"SCIENCE AND EDUCATION IN THE MODERN WORLD: CHALLENGES OF THE XXI CENTURY" NUR-SULTAN, KAZAKHSTAN, JULY 2019 38
Simply put, machine learning automates the process of extracting known and unknown
patterns from data. The machine learning algorithm expresses these patterns in the form of a
formula or instruction that can be applied to new and previously unknown data. The algorithm
studies the results and adapts its work in accordance with the newly identified patterns. Such
training can be carried out in a controlled or uncontrolled manner.
Controlled methods of machine learning involve learning based on a set of so-called tagged data.

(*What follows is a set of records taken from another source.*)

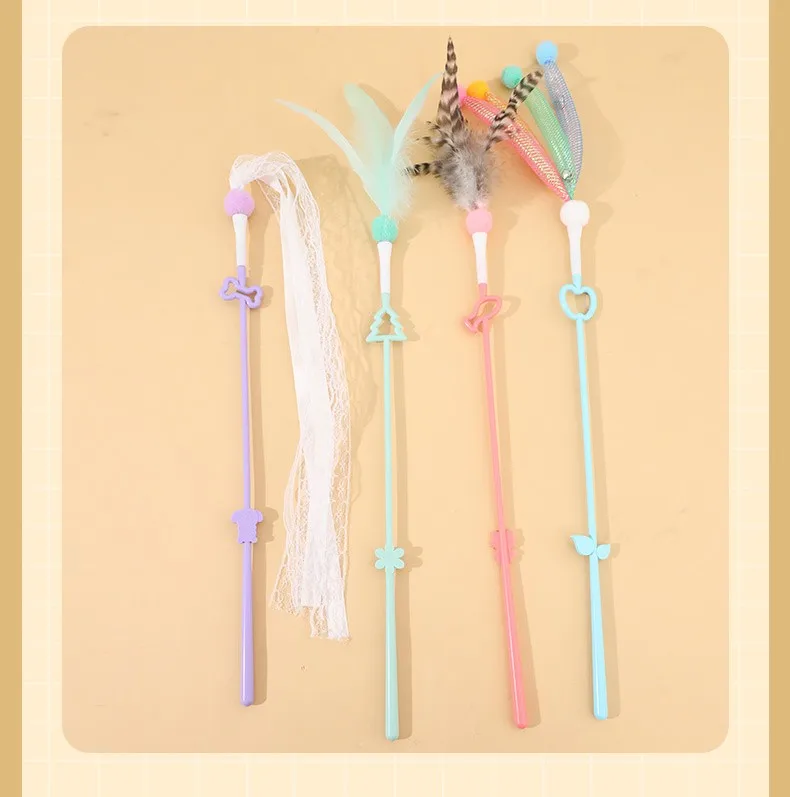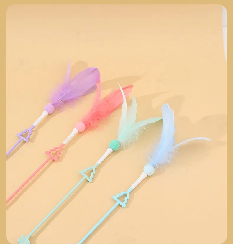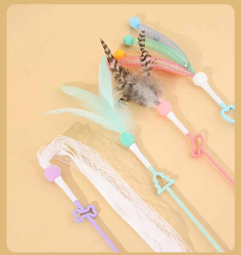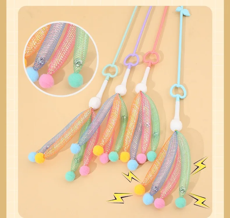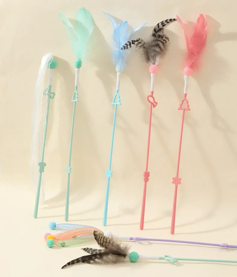 Juguete para gatos con plumas, palo interactivo para gatos, cinta de juguete con borlas, juguetes para gatos con campana, mango largo, palos de plumas para gatitos
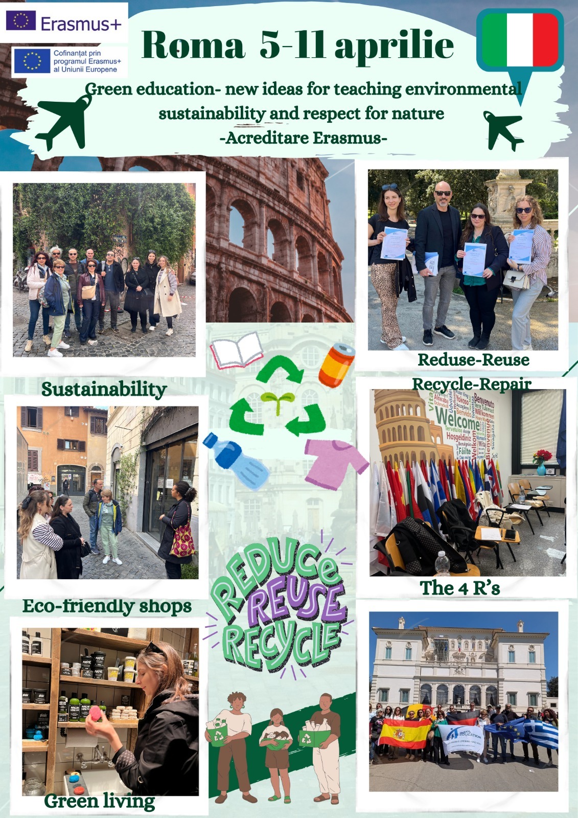 - 3 profesori învățământ gimnazial la cursul de formare ”Green Education: New Ideas for Teaching Environmental Sustainability and Respect for Nature”, Roma - Italia
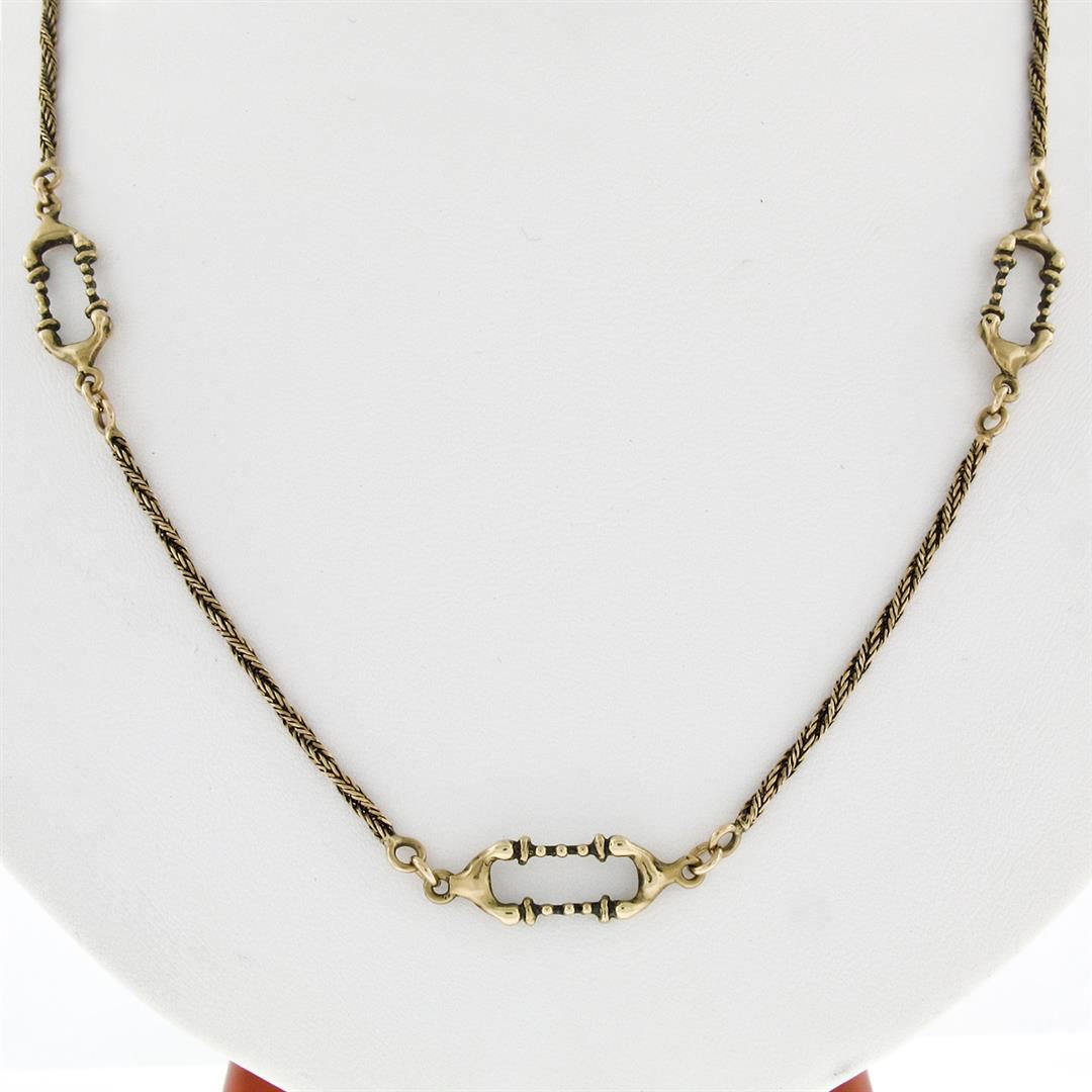 A vintage solid 18k yellow gold chain necklace. 20 inch unique twisted and open bar link chain, 16.08 grams total weight.
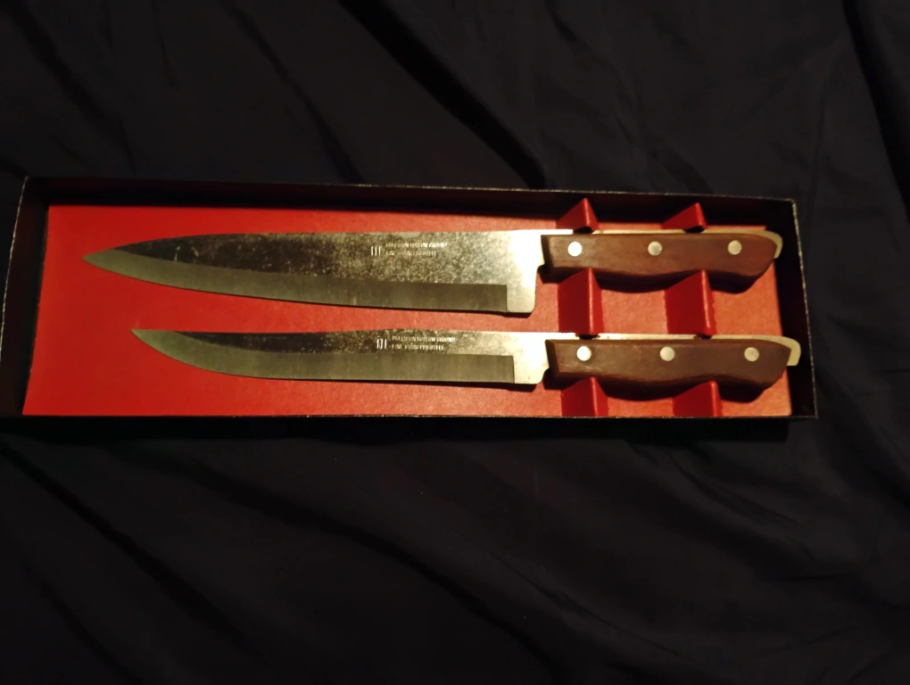 Set of two Maxxum knives. Includes two different sized blades, stored in a red and black box.

The model is trained using records of both fraudulent and legitimate operations. After that, she
tries to develop a set of functions or instructions that can confirm or deny the fact of fraud in the
new samples. Standard methods for supervised machine learning include logistic regression,
neural networks, decision tree, gradient boosting, random forests, support vectors (SVM), etc.
Uncontrolled machine learning is based on other principles. Since it is not known in advance
what data is related to fraudulent operations, the model should create a function that describes
the data structure. Thus, the algorithm marks all data that does not fit into this model as
anomalous. To train such a model, it is sufficient to simply provide it with data, and it will try to
create a set of functions or instructions describing the basic structure and parameters of the data.
This set of functions or instructions can then be applied to new and previously unknown data.
The following difficulty is associated with the uncontrolled learning method: it is often very
difficult to assess how accurate the detection scheme is until data are manually checked. The
standard methods of this machine learning include self-organizing maps, the k-means method,
dbscan algorithms, nuclear smoothing, single-class SVM, principal component method, etc.